_Action item_
The listing is to be transcribed in full, with its images left out.

_Provided material_
▽
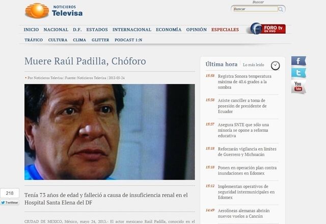Duelo. El comediante mexicano Raúl Chóforo Padilla falleció el viernes, a los 73 años de edad, por complicaciones derivadas de la insuficiencia renal que sufría, según informó la revista People en su sitio de Internet .
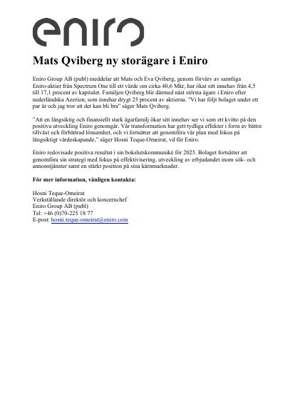 Eniro Group AB (publ) meddelar att Mats och Eva Qviberg, genom förvärv av samtliga Eniro‑aktier från Spectrum One till ett värde om cirka 40,6 Mkr, har ökat sitt innehav från 4,5 till 17,1 procent av kapitalet. Familjen Qviberg blir därmed näst största ägare i Eniro efter nederländska Azerion, som innehar drygt 25 procent av aktierna. "Vi har följt bolaget under ett par år och jag tror att det kan bli bra" säger Mats Qviberg.
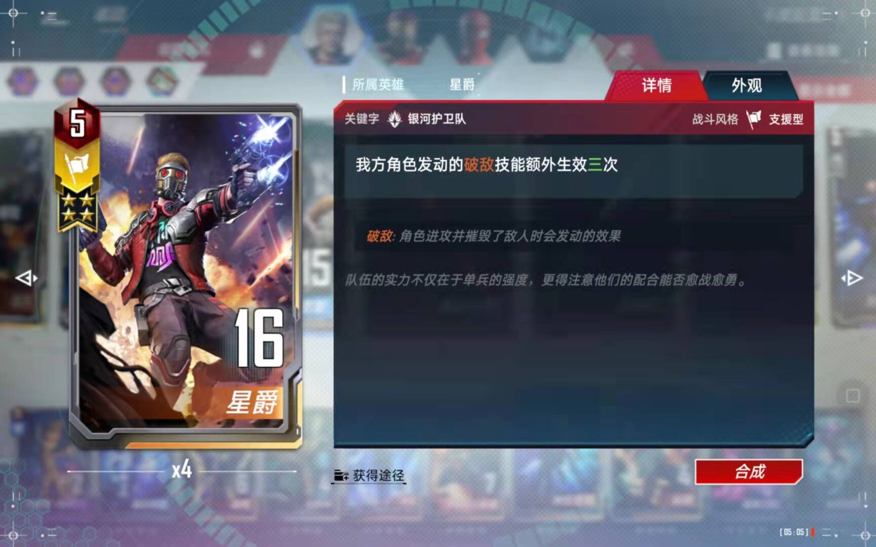 星爵可以触发伊戈的多次破敌效果,买了星爵以后,尽可能给星爵带个支援装备,比如鸭子送的任意支援武器就可以留给星爵。
△
_Output of the exercise_
Duelo. El comediante mexicano Raúl Chóforo Padilla falleció el viernes, a los 73 años de edad, por complicaciones derivadas de la insuficiencia renal que sufría, según informó la revista People en su sitio de Internet .
 Eniro Group AB (publ) meddelar att Mats och Eva Qviberg, genom förvärv av samtliga Eniro‑aktier från Spectrum One till ett värde om cirka 40,6 Mkr, har ökat sitt innehav från 4,5 till 17,1 procent av kapitalet. Familjen Qviberg blir därmed näst största ägare i Eniro efter nederländska Azerion, som innehar drygt 25 procent av aktierna. "Vi har följt bolaget under ett par år och jag tror att det kan bli bra" säger Mats Qviberg.
 星爵可以触发伊戈的多次破敌效果,买了星爵以后,尽可能给星爵带个支援装备,比如鸭子送的任意支援武器就可以留给星爵。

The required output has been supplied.